Ketegangan antara Amerika Serikat (AS) dan Iran kembali memuncak menjelang berakhirnya masa gencatan senjata pada Rabu (22/4/2026). Kedua negara memberikan sinyal kuat untuk kembali ke jalur peperangan melalui pernyataan resmi yang bernada ancaman.
Dilansir dari Kompas, hubungan diplomatik kedua pihak memburuk setelah Teheran menuduh Washington tidak menunjukkan keseriusan dalam proses negosiasi. Isyarat bentrokan fisik ini muncul seiring dengan habisnya periode tenang yang sebelumnya sempat disepakati.
Esmaeil Baghaei selaku Juru bicara Kementerian Luar Negeri Iran melemparkan kritik tajam terhadap sikap Pemerintah AS. Baghaei menilai posisi Amerika Serikat selama meja perundingan tidak konsisten dan cenderung merugikan proses perdamaian.
Pemerintah Iran memberikan peringatan keras bahwa mereka akan mengambil langkah drastis jika tekanan terus berlanjut. Teheran mengancam bakal menutup total akses Selat Hormuz apabila pihak AS bersikeras menerapkan blokade terhadap wilayah mereka.
Lebih lanjut, Baghaei menegaskan bahwa perundingan baru tidak akan terjadi sebelum ada kesepahaman mendasar. Iran memilih untuk memprioritaskan kepentingan nasional mereka dalam menentukan kebijakan luar negeri ke depan.
"Kata-kata dan tindakan mereka tidak konsisten dan Iran akan mengambil kebijakan yang diperlukan dengan pertimbangan hati-hati demi kepentingan dan prioritas nasional mereka," kata Baghaei dikutip PressTV.
Di sisi lain, Presiden Amerika Serikat Donald Trump memberikan tanggapan yang agresif terkait berakhirnya periode gencatan senjata. Trump secara terbuka mengancam akan melakukan serangan udara ke wilayah Iran jika persyaratan dari pihaknya tidak dipenuhi.

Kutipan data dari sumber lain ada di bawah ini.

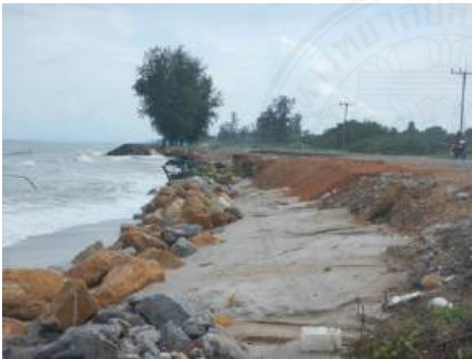
บ่ออิฐ จ.สงขลา

Tuntutan utama yang diajukan oleh Gedung Putih adalah penghentian total program nuklir yang dijalankan oleh Iran. Hal ini menjadi syarat mutlak bagi AS jika ingin membicarakan kesepakatan damai lebih lanjut.
"Banyak bom yang akan dijatuhkan (setelah gencatan senjata)," kata Donald Trump dikutip PBS.
Kendati menunjukkan sikap keras, Donald Trump mengungkapkan bahwa pihaknya masih membuka satu jalur komunikasi cadangan. AS diketahui telah mengirimkan delegasi khusus ke Pakistan sebagai langkah antisipasi jika ada peluang negosiasi mendadak.
Utusan khusus yang dikirim meliputi Steve Witkoff dan menantu Trump, Jared Kushner, yang bertolak menuju Islamabad. Hingga saat ini, pihak Iran masih belum memberikan konfirmasi terkait rencana pengiriman delegasi serupa ke wilayah Pakistan.